The elements of employment compensation considered in this evaluation are the hourly wage rate and fringe benefits, with a focus on health insurance, paid sick leave, and pensions.(45) As in the previous subsection, the findings reported here are based on the principal job held by WtW enrollees who were employed two years after program entry.
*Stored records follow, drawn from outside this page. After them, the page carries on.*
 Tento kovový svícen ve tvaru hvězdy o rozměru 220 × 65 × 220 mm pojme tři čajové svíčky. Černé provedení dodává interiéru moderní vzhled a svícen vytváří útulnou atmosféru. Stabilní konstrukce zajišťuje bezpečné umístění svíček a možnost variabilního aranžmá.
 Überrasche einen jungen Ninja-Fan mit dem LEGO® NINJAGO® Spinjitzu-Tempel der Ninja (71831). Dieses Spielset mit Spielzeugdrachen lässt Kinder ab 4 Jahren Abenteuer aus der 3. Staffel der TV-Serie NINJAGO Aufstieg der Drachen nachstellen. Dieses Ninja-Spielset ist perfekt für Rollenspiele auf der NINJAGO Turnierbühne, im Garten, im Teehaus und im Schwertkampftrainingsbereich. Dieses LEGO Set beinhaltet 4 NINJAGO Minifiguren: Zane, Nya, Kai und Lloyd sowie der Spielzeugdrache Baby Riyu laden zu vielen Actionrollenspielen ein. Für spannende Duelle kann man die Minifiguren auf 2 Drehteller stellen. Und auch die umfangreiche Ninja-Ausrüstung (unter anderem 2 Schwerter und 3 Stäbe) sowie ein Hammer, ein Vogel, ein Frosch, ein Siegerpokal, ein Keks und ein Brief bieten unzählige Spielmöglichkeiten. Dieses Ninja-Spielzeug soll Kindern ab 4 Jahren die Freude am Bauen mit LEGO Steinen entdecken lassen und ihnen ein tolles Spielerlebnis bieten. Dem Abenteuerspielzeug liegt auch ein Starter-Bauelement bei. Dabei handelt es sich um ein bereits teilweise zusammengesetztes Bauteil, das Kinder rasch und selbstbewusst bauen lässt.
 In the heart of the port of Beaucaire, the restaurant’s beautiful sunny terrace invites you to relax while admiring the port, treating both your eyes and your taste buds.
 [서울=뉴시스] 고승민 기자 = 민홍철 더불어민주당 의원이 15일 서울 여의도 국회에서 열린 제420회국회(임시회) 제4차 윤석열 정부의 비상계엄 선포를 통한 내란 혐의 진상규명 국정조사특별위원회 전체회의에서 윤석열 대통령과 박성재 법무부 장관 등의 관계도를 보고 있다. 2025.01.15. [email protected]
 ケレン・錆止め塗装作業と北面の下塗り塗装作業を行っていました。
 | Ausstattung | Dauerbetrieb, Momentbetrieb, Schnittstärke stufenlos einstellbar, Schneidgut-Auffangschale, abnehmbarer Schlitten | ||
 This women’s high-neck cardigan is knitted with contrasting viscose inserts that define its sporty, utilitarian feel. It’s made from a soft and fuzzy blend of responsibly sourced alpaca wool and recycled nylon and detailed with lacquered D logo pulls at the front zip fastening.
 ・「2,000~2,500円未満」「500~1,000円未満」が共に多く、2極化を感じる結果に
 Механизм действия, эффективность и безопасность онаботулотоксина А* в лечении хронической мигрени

WtW enrollees in seven of the study sites had a mean nominal wage rate on their primary job of about $8 per hour (Exhibit IV.7). West Virginia, Baltimore County, Boston, and Milwaukee were the exceptions to this pattern. Although enrollees in West Virginia had more favorable employment outcomes than those in many of the other study sites, their mean hourly wage rate ($6.40) was notably low. In contrast, the mean wage rates for WtW enrollees in Baltimore County ($9.89), Boston ($10.02), and Milwaukee ($9.91) were well above those for enrollees in the other sites. In all sites except West Virginia, over 90 percent of enrollees earned wages greater than the minimum wage of $5.15. West Virginia had the greatest proportion of enrollees earning wages below the minimum wage (12 percent) and below $8.00 per hour (87 percent).

The mean hourly wage rate on the principal job held two years after program entry was essentially unchanged from the year before in about half of the study sites, but was higher in the others (Exhibit IV.8). Where there was an increase, it was not dramatic, except in Milwaukee where it exceeded $2 per hour. In the other sites where there was an increase, it was in the $0.40-$0.80 range, which generally represents about 5 to 10 percent of the first-year wage. In Milwaukee, the mean hourly wage was $2.17 higher at the end of the second year than at the end of the first year, but this site exhibited a large decline in employment between the two years (about 8 percentage points, the highest among all sites). The observed increase in the mean hourly wage was partly the result of enrollees with low first-year wages losing their jobs by the end of the second year. In fact, of the enrollees who had been employed at the end of the first year, those who were still employed at the end of the second year had first-year average wages over $1 higher than those who were no longer employed.

Overall, fringe benefits were available to only modest proportions of WtW enrollees on their principal job two years after entering the program (Exhibit IV.9).(46) Consequently, the self-sufficiency of most enrollees, to the extent that they achieved it, was precarious  contingent on remaining healthy and continuing to work.

Paid sick leave either was or tied for the most common of the three key fringe benefits in most study sites, followed by a pension plan. Health insurance was the least common. Rates of availability of these three benefits ranged across the study sites as follows:(47)

  • Paid Sick Leave. The availability of paid sick leave ranged from a low of 25 percent in West Virginia and Milwaukee to a high of 62 percent in Baltimore County and Boston.
  • Pension Plan. The availability of a pension plan ranged from a low of 21 percent in West Virginia to a high of 50 percent in Phoenix.
  • Health Insurance. Participation in an employers health insurance plan ranged from a low of 16 percent in West Virginia and Yakima to a high of 47 percent in Baltimore County.

In general, there was little change over time in the availability of fringe benefits other than health insurance (Exhibit IV.10 and IV.11). Across the study sites, health insurance coverage on the principal job held two years after program entry was about the same or somewhat higher as on the principal job held at the end of the first year. Three sites  Chicago, Nashville and Philadelphia  exhibited increases 5 percentage points or more in the prevalence of health insurance among employed enrollees.